The most interesting part of a coffee table book on The Day Kennedy Died, by the editors of Life magazine, which I guess still exists in some form, is an inserted reproduction of the memorial issue of Life from the week after the event. True, I could have browsed through this any time at the library, but the point is, I didn't.
The ads! Cigarettes, land yachts, equally ungainly home appliances (did portable dishwashers ever work right?), a full page ad from The Phone Company urging readers to call long distance, which might seem unnecessary from a more recent viewpoint, but in those days they needed a big ad to get customers, because in those days long distance phone calls cost the earth.
Other news: A list of Christmas events nationwide reveals that the sing-along Messiah had already been invented, right here in San Francisco. A tskish article by Teddy White on the background to the rise in Black militancy is filled with sweeping generalizations and phrases like "the Negro leaders." The leaders in question are mostly city councilmembers; MLK is mentioned but not discussed, and Malcolm X does not exist.

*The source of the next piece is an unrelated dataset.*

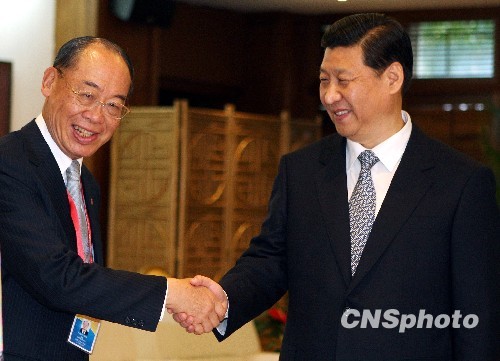 资料图:2010年4月10日下午,国家副主席习近平在海南会见前来参加“博鳌亚洲论坛2010年年会”的台湾两岸共同市场基金会最高顾问钱复。 中新社发 任晨鸣 摄

On the assassination itself: This is the issue with a four-page spread that first published excerpts from the Zapruder film. What I had not known is that nowhere does the caption say who took the photos, or under what circumstances, or even that they're movie frames rather than conventional still pictures. And not only did the editors delete the frame showing the second shot, that hit JFK in the head, they also deleted it from the description. In this version there's only the one that got him in the neck, and though the caption mentions "blood flowing from the President's head," it says that Jackie "cradles him in her arms" and then inexplicably "scrambles out of her seat and crawls onto the trunk of the car in a pathetic search for help" instead of for the real reason, which is that she was instinctively trying to retrieve a piece of his skull. A useful reminder of how confused early reports of all sudden tragedies are.